* **PROBLEM TO SOLVE**: Using the listing below, give again exactly the lines from the line with "Lot of 31 rare" to the line with "- зодия Овен", inclusive, without the pictures.

* **DATASET RECORDS**:
-- Opening Marker --

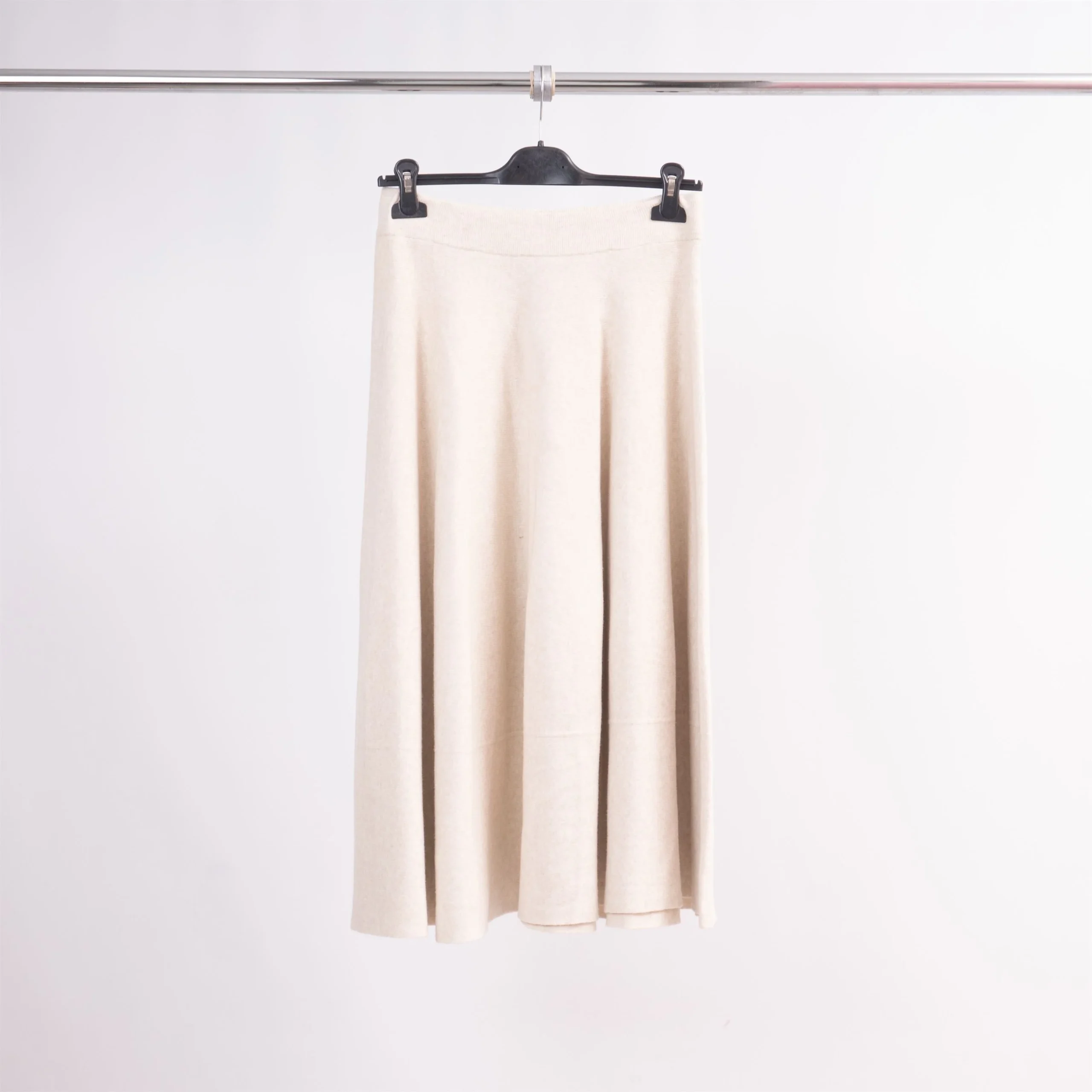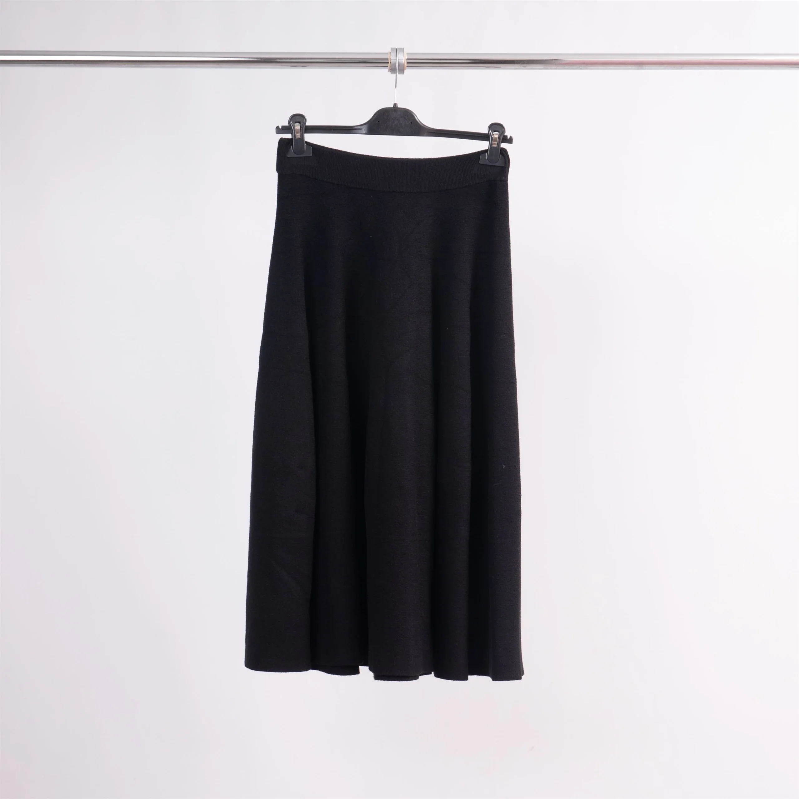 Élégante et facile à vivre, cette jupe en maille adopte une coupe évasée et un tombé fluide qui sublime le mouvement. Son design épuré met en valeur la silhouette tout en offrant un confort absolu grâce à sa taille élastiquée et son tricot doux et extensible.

-- Closing Marker --
-- Opening Marker --

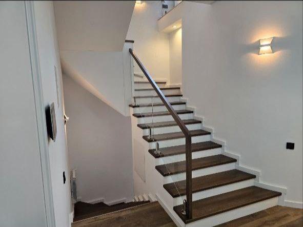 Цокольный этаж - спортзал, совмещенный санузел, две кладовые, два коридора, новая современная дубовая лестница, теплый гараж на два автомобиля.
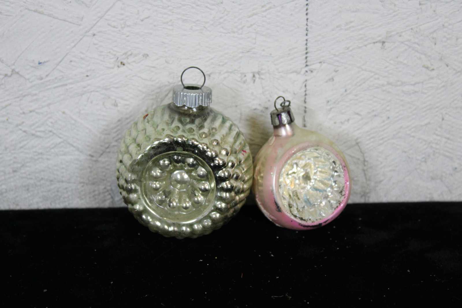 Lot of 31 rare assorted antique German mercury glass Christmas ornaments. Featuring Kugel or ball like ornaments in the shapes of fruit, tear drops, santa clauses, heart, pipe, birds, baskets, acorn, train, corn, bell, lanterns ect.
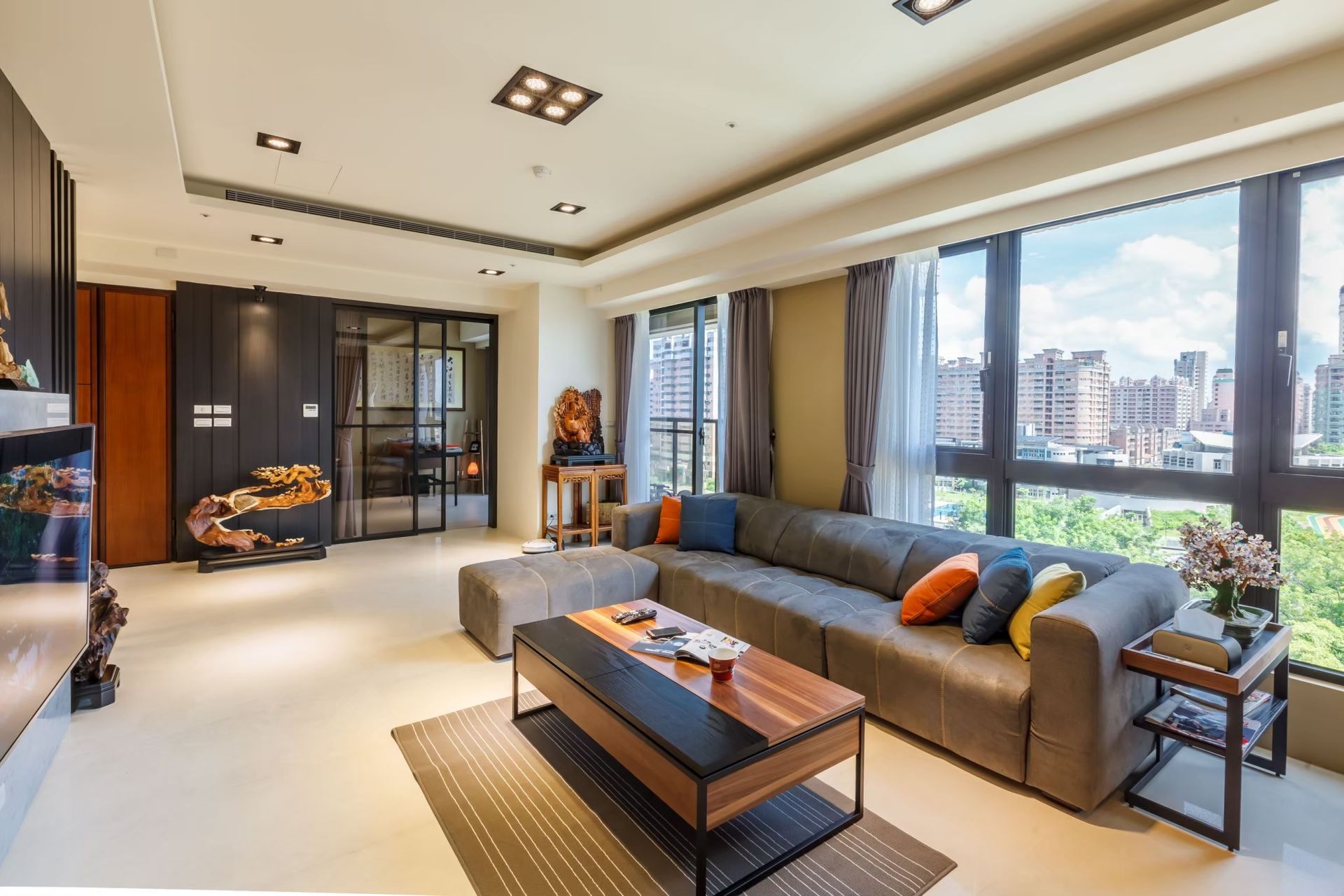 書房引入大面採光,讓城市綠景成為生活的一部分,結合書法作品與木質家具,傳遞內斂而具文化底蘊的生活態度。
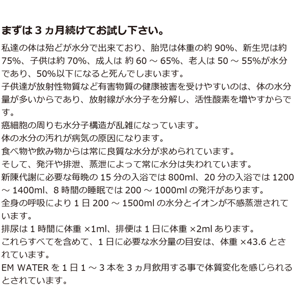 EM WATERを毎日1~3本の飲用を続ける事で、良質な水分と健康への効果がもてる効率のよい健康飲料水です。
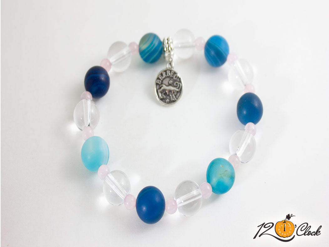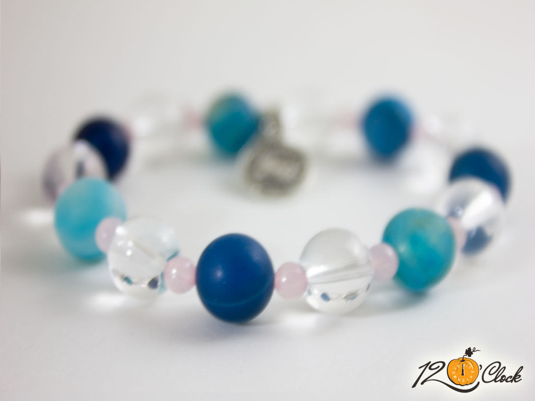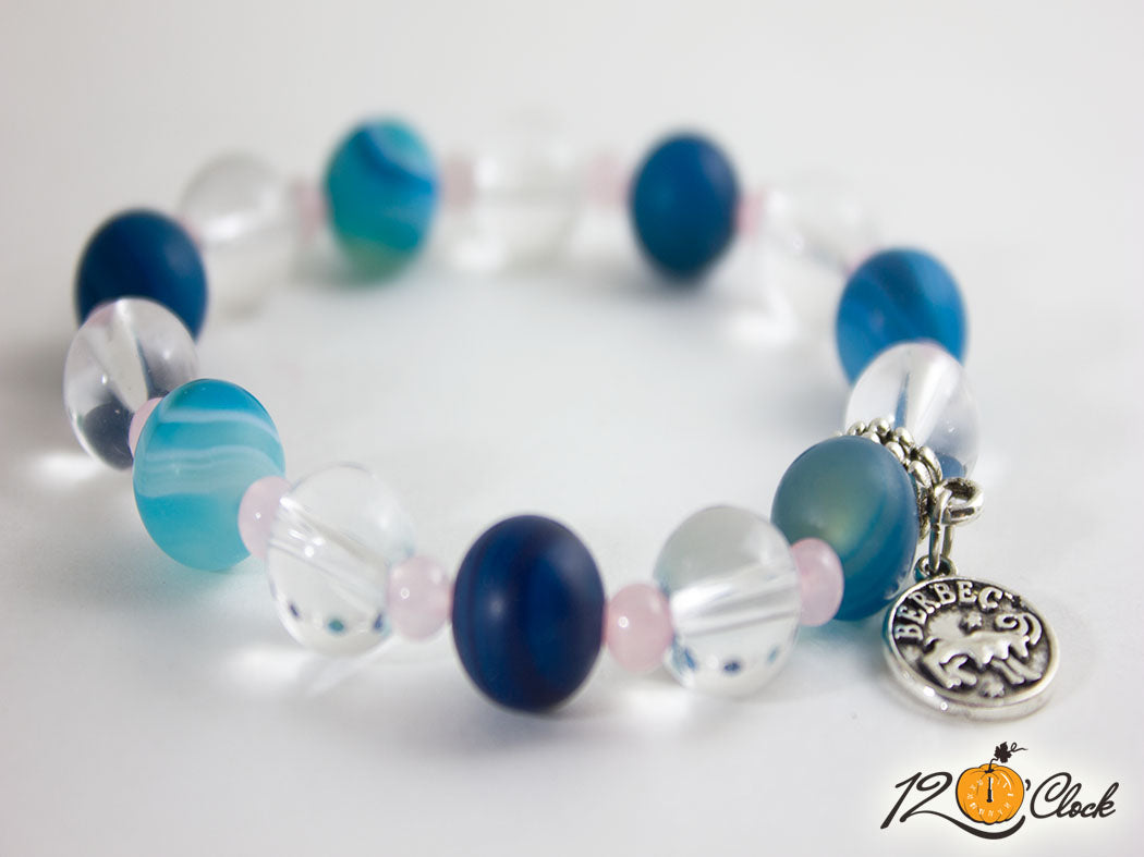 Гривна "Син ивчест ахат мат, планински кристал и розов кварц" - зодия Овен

-- Closing Marker --

* **ANSWER FOR THIS EXERCISE**:
 Lot of 31 rare assorted antique German mercury glass Christmas ornaments. Featuring Kugel or ball like ornaments in the shapes of fruit, tear drops, santa clauses, heart, pipe, birds, baskets, acorn, train, corn, bell, lanterns ect.
 書房引入大面採光,讓城市綠景成為生活的一部分,結合書法作品與木質家具,傳遞內斂而具文化底蘊的生活態度。
 EM WATERを毎日1~3本の飲用を続ける事で、良質な水分と健康への効果がもてる効率のよい健康飲料水です。
 Гривна "Син ивчест ахат мат, планински кристал и розов кварц" - зодия Овен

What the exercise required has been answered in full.